In sequencing, if the position that is read can't be assigned a base with significant certainty, an N is assigned. This part checks if the sequence has N values, and if so, at what percentage? It gives an error for >5% N. Our sequences have no Ns assigned, which is very good.

## Sequence Length Distribution

![Screen%20Shot%202020-10-12%20at%2022.14.30.png](attachment:Screen%20Shot%202020-10-12%20at%2022.14.30.png)

This part shows the length of our sequences in the fasqt file. Some high throughput sequencing methods produce sequences with equal length (like Illumina, used here). This parts raise a warning when the sequence lengths differ, but it can be ignored if another sequencing method was used, and different sequence lengths could be expected. In our case, there was no warning.

## Sequence Duplication Levels

![Screen%20Shot%202020-10-12%20at%2022.14.55.png](attachment:Screen%20Shot%202020-10-12%20at%2022.14.55.png)

This part shows the degree of duplicated sequences in our fastq file. A high level of duplication might indicate an enrichment bias.

In this part of the analysis, our samples give an error. As it can be seen on the graph, there is a high level of duplicated sequences shown as a peak (2 high peaks) in the blue line. Even though this is concerning, we should also note that human RNA-seq data contains tons of sequences that vary in their expression in the human body. To be able to detect lowly expressed transcripts, over-sequencing the highly expressed transcripts is sometimes necessary. This is most likely the reason for our unwanted peaks.

## Overrepresented Sequences

There were not observed any overrepresented sequences in any of the fastq files

## Adapter Content

![Screen%20Shot%202020-10-12%20at%2022.15.15.png](attachment:Screen%20Shot%202020-10-12%20at%2022.15.15.png)

This part checks for adapter content in our sequences. Since adapters were trimmed, this part shows zero adapters and gives no warnings/errors.

## KMer Content

![Screen%20Shot%202020-10-12%20at%2022.16.02.png](attachment:Screen%20Shot%202020-10-12%20at%2022.16.02.png)

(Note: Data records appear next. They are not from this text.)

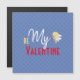 Be My Valentine has muted periwinkle blue hearts sprinkled over a bed of blue, and finished with a decorative text accompanied by young cupid.
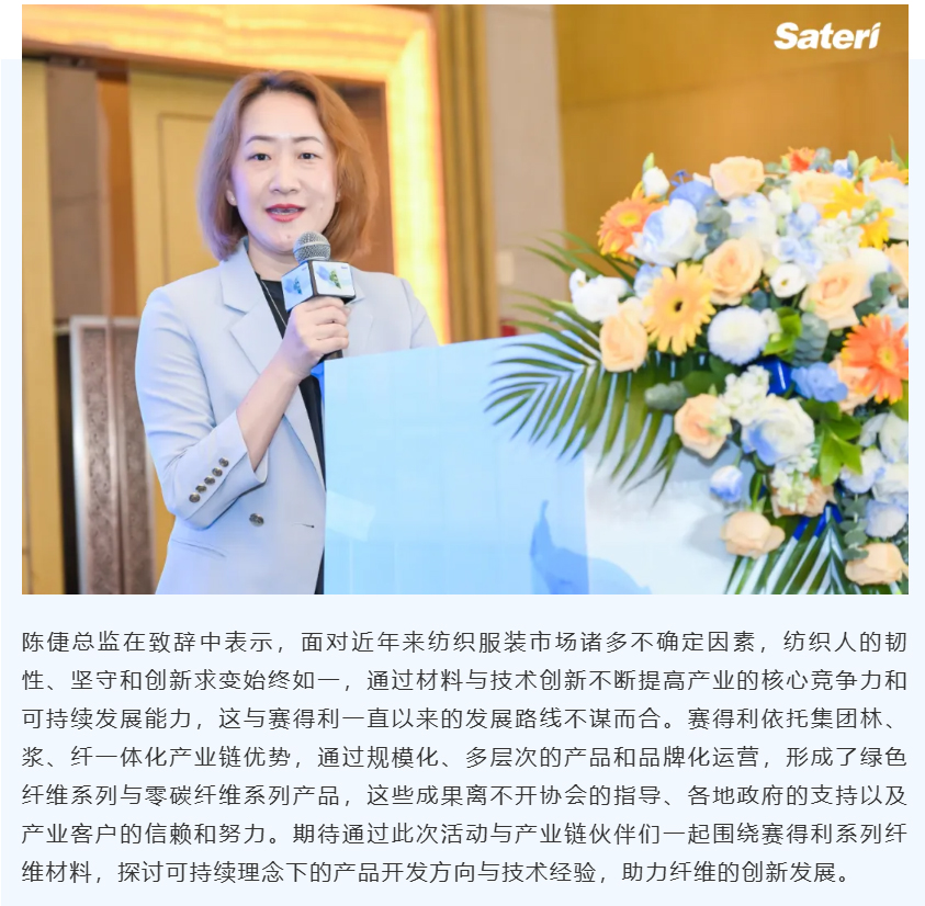 在产品开发应用交流环节,赛得利集团市场推广各版块负责人、行业协会代表、优秀企业与品牌代表等,围绕赛得利系列纤维的开发方向与创新应用从不同角度进行了专题分享。
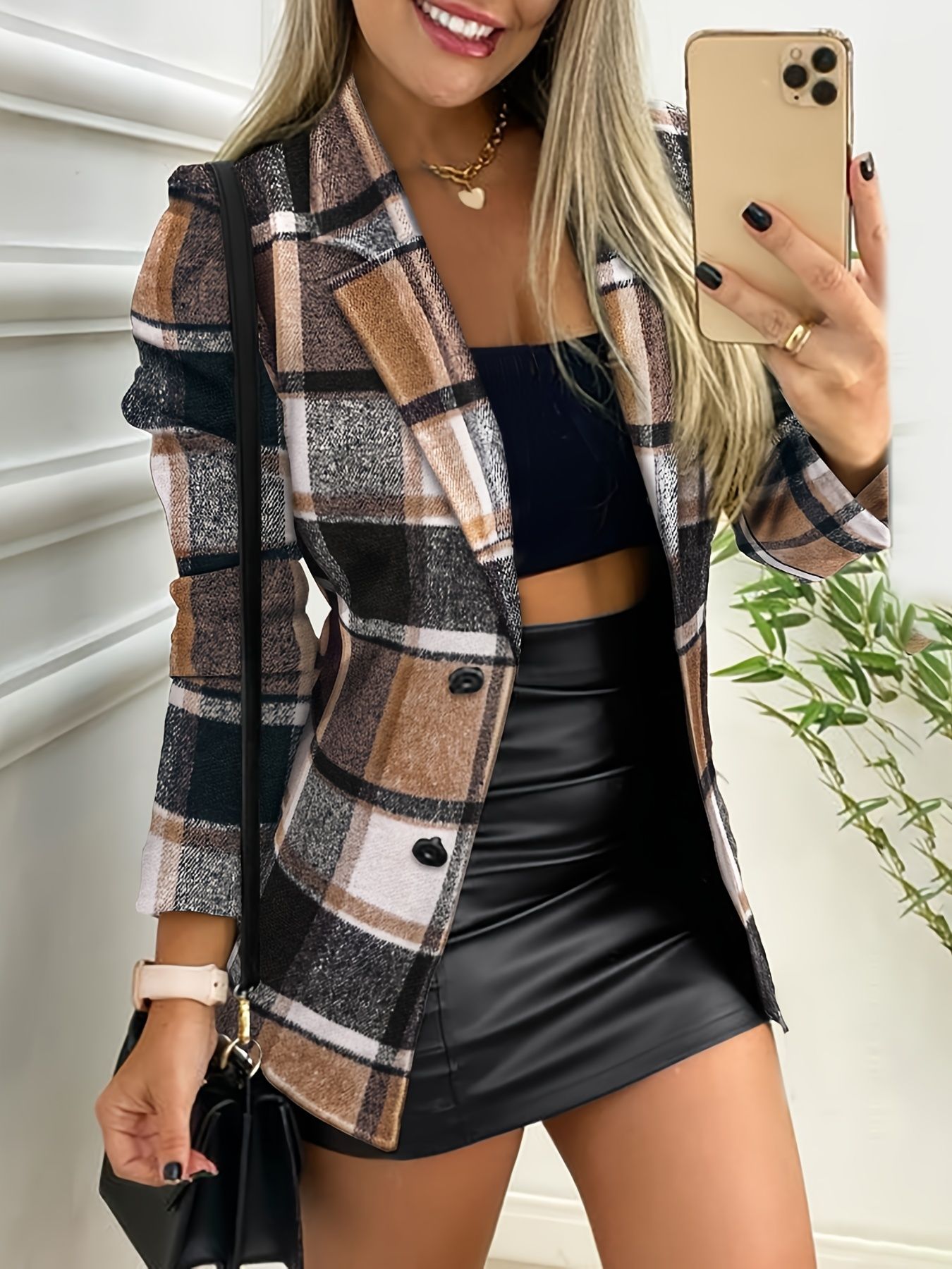 Plaid Button Down Long Sleeve Lapel Coat; Fashion Winter Blazer

This plot shows if there is overrepresentation for some kmers in the sequences in our fastq file. This might be due to a bias, but it might also be due to the natural occurance of these sequence biologically. Our fastq files give an error for this part.

This error is due to the beginning of the sequences, as can be seen in the plot, this is not something to be alarmed about as it's most likely due to random priming.